Si nous retiendrons de Chirac Président la courageuse attitude qu’il put avoir de dispenser l’armée française de remettre le couvert en Irak en 2003, contrairement à l’opération Daguet acceptée par son prédécesseur en forces supplétives de l’US Army, ou sa sainte colère à l’endroit des policiers israéliens dans les rues de Jérusalem, il ne faut pas oublier les autres signes moins spectaculaires de son activité…

Notamment la création de l’ANPE, lorsqu’il était Ministre du Travail et que l’existence de près de « 400 000 chômeurs » commençait d’inquiéter dans notre pays.

Mettons à son actif le vote de la loi Veil sur l’avortement, obtenu avec le soutien de la quasi-totalité des députés de gauche, élus à plus de 180 en mars 1973, et d’une minorité de députés de la majorité censée pourtant soutenir le Gouvernement dirigé par Jacques Chirac.

C’est là une situation unique dans l’Histoire de la Ve République.

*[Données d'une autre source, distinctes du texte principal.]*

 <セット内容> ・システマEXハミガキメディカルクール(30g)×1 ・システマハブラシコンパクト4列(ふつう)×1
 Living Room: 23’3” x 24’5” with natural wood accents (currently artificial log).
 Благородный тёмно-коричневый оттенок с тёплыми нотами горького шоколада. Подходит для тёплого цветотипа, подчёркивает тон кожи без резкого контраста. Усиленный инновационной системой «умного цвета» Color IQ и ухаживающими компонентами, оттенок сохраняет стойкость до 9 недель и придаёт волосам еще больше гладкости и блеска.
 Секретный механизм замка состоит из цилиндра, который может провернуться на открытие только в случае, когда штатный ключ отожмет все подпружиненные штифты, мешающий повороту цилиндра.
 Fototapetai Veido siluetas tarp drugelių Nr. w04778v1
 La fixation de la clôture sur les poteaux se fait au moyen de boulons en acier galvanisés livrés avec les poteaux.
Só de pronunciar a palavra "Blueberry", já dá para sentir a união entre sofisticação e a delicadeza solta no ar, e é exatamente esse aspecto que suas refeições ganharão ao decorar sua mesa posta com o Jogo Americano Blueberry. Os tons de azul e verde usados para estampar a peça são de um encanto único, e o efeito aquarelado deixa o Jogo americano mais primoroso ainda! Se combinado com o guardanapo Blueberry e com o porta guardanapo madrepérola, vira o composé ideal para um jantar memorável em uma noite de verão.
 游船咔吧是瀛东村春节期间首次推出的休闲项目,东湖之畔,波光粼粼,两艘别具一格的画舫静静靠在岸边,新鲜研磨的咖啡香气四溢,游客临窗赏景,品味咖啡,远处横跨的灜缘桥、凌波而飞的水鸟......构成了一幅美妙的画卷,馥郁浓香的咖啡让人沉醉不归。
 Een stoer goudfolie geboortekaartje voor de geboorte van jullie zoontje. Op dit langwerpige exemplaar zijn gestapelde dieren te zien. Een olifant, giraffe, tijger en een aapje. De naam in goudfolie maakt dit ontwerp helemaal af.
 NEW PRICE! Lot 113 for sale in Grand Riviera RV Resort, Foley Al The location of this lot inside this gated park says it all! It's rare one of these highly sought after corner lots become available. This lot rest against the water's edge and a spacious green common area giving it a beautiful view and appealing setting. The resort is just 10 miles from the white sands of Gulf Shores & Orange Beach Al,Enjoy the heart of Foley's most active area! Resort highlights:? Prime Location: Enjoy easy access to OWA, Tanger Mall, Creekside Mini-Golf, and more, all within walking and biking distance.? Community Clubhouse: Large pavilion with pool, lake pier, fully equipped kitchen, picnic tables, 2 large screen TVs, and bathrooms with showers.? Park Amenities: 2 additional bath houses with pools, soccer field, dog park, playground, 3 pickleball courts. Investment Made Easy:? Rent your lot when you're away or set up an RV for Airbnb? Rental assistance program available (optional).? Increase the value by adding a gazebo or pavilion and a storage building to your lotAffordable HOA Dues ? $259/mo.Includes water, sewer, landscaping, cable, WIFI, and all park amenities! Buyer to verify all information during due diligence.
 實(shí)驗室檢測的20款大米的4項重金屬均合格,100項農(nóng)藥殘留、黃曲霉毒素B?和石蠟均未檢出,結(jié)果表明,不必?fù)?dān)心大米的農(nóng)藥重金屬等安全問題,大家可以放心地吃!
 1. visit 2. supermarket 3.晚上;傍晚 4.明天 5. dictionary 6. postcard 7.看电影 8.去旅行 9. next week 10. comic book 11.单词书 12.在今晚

Quelques temps auparavant, après avoir été élu de la Haute Corrèze en 1967 avec un peu plus de 500 voix d’avance sur son concurrent communiste (la Haute Corrèze, pourvue d’une solide tradition résistante, avait déjà eu, dans le passé et notamment en 1936, un député PCF), Jacques Chirac avait rendu quelques services à son mentor, l’ancien Président Georges Pompidou (un quasi voisin venu du Cantal), notamment en faisant « messager d’Etat » entre rue de Varenne (Matignon) et rue Lafayette (siège de la CGT), un pistolet dans la poche, durant les événements de mai 1968, lors de la négociation des accords de Grenelle.

Nous nous souviendrons aussi de son affranchissement audiovisuel lors d’un débat télévisé de 1971, le duel Chirac – Marchais.

D’un côté, un Ministre de 38 ans et de l’autre, un Secrétaire général adjoint du PCF âgé de 50 ans environ.

Et le pauvre Chirac se fit étaler pour le compte sur la proposition de son interlocuteur demandant le vote d’une loi sur la transparence des ressources des partis politiques.

Il répondit alors « c’est certainement un problème à étudier », formule qui provoqua une hilarité générale, montrant s’il en était besoin que cela fait belle lurette que ce souci de transparence anime l’opinion publique…

Et le fait qu’élu Maire de Paris en 1977, Jacques Chirac ne se priva aucunement des nouvelles possibilités qui lui étaient offertes.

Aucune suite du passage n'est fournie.